Sebagai imbalan, 150 tahanan Palestina yang dikurung Israel juga akan dibebaskan dan bantuan kemanusiaan akan diizinkan memasuki Gaza.
Dalam tiga hari pertama, 39 sandera Israel dibebaskan Hamas dengan imbalan 117 tahanan Palestina yang dikurung Israel sebagai bagian dari kesepakatan.
Sementara itu, melalui negosiasi lain yang secara paralel dilakukan oleh Qatar, sebanyak 17 warga Thailand, satu warga Filipina dan satu warga berkewarganegaraan ganda Rusia-Israel juga telah dibebaskan kelompok militan tersebut.

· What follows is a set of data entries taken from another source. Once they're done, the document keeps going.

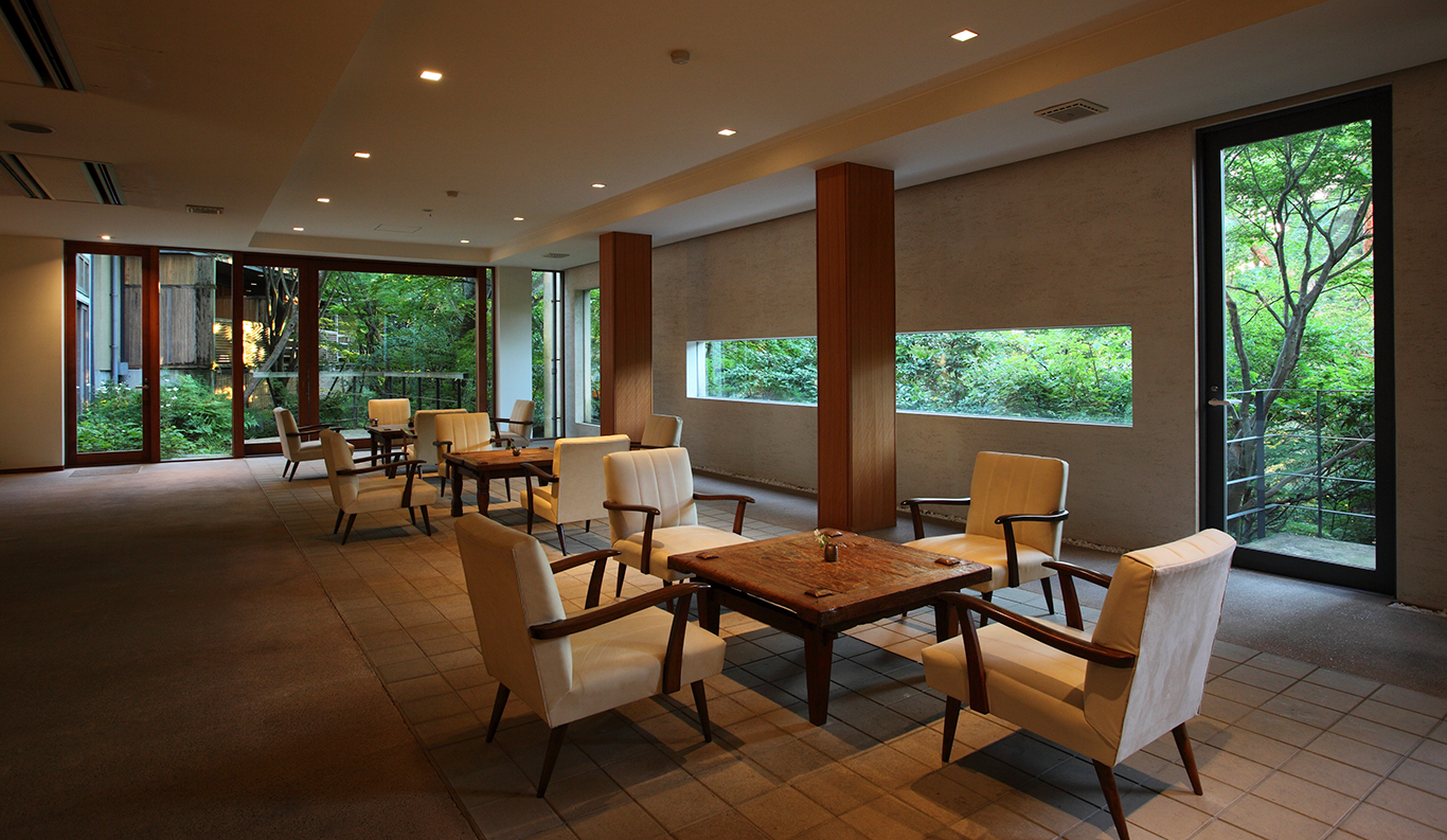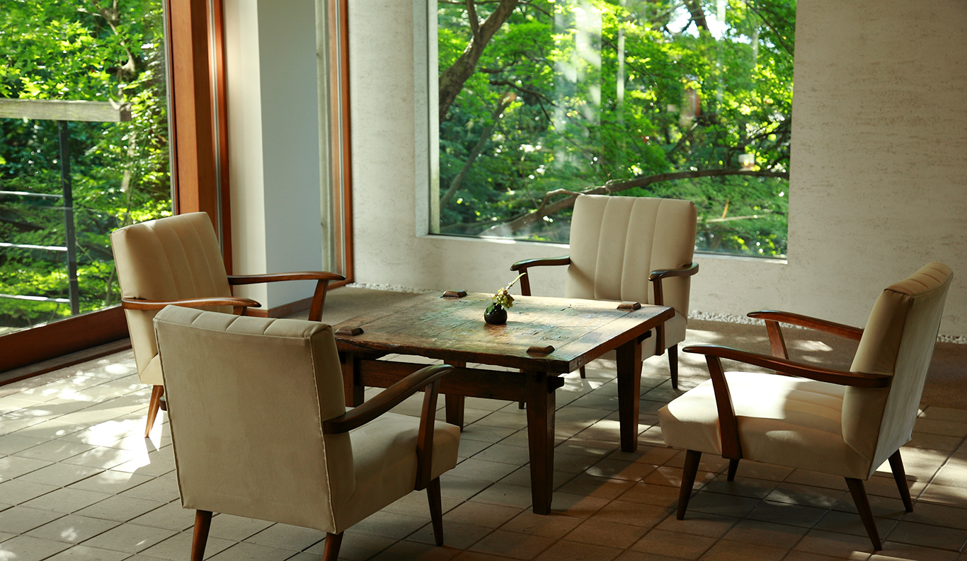 Lobby The ryokan's lobby is a common space where guests can relax, and new arrivals can shift into a Mukayu frame of mind. The space features elegant, Zen-inspired simplicity; horizontal and vertical windows give a perfect perspective on the play of nature outside in the garden. Staff at the reception desk are always ready to attend to guests' needs.
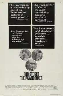 The Pawnbroker is a 1964 American drama film directed by Sidney Lumet, starring Rod Steiger, Geraldine Fitzgerald, Brock Peters, Jaime Sánchez and Morgan Freeman in his feature film debut. The screenplay was an adaptation by Morton S. Fine and David Friedkin from the novel of the same name by Edward Lewis Wallant.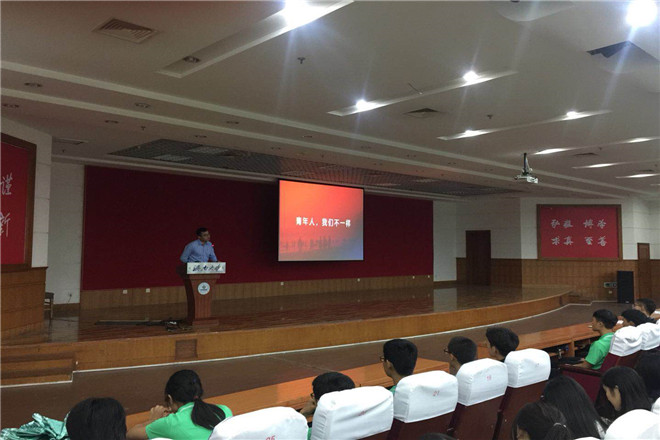 张老师的报告分为十部分,向同学们介绍了作为新时代大学生应有的四种向往。首先张老师引用不同时期的名人名言以及新中国成立以来所取得的各种成就教导同学们向往的第一位是爱国,“忠于祖国,忠于人民”是作为一个当代大学生应有的品质。随后,老师引用北大校长林建华读错字的事例告诫同学们:“广大青年学子要树立远大志向,广大青年要培养奋斗精神做到理想坚定,信念执着,不怕困难,勇于开拓,顽强拼搏,永不气馁。幸福都是奋斗出来的,奋斗本身就是一种幸福。”张老师用“耶鲁村官”秦玥飞的事例回应了当今社会很多现实与浮躁,也更激起了更多振奋和力量。一个人真正的励志,是由心而生,当代青年追求理想的高度决定着中华民族未来的高度,这点明了向往的第二位是励志,做一个奋斗者。习近平总书记在陕北农村插队7年,30里借书,30里还书,而在当今科技创新日新月异的时代,更需要习近平总书记的这股求真的劲头,积硅步以致千里,积怠惰以致深渊,这就是第三个向往——求真。从袁隆平杂交水稻到李小文穿布鞋给学生上课再到林俊德工作到生命最后一刻再到隐姓埋名高伯龙,大家看到的是伟大事业背后的知行合一,这就是大家的第四个向往——力行。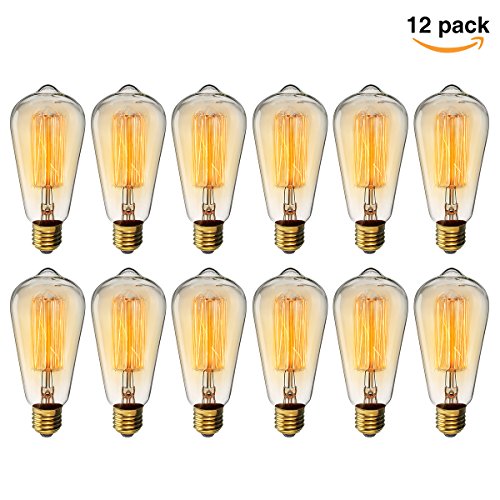 Vintage Edison Bulb KINGSO Dimmable 60W Edison Light Bulb Squirrel Cage Filament Incandescent Antique Light Bulb E27 E26 Base ST64 110V - 12 Pack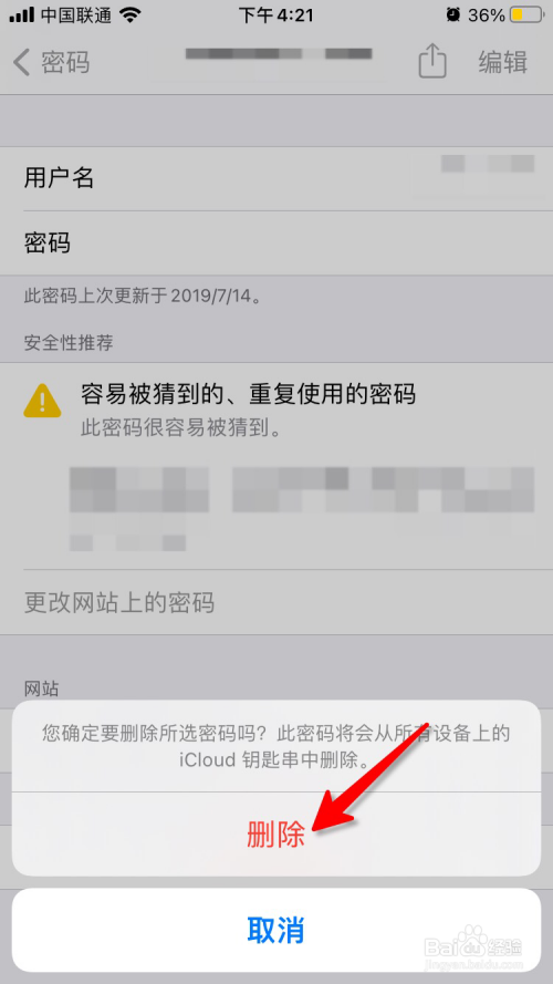 点击想要删除的密码。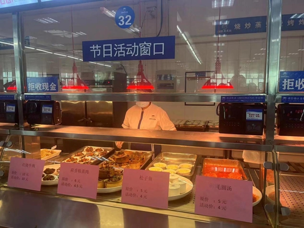 为了满足师生节日餐饮需要,中秋小长假期间,德园、馨园、明园、新二、新三、新四等食堂纷纷推出“特色菜活动价”,每天推出二十多种特色菜品,低于原价优惠售卖。像手工香肠、糯米藕、毛圆汤、红烧狮子头、鲍鱼烧肉等“网红菜”皆榜上有名,让师生切实感受到节日的温暖和后勤人的重视与关心。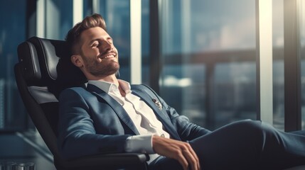 Asian businesswoman smiling, relaxing in modern office with hands behind head, laptop on desk. Bright workspace enhances productivity, focus, professional work environment, positivity.

Jumlah sandera yang akan dibebaskan sejauh ini merupakan yang terbanyak sejak militan Hamas melancarkan serangan ke Israel selatan secara mendadak pada 7 Oktober lalu dalam serangan paling mematikan dalam sejarah Israel.
Israel mengatakan serangan itu menewaskan 1.200 orang, sebagian besarnya adalah warga sipil. Selain itu, sekitar 240 orang disandera, termasuk warga lansia dan anak-anak.
Menanggapi hal itu, Israel melancarkan serangan bom tanpa henti dan serangan darat ke wilayah Gaza yang dikuasai Hamas. Pemerintahan Hamas menyatakan bahwa serangan Israel telah menewaskan 15.000 orang, ribuan di antaranya anak-anak.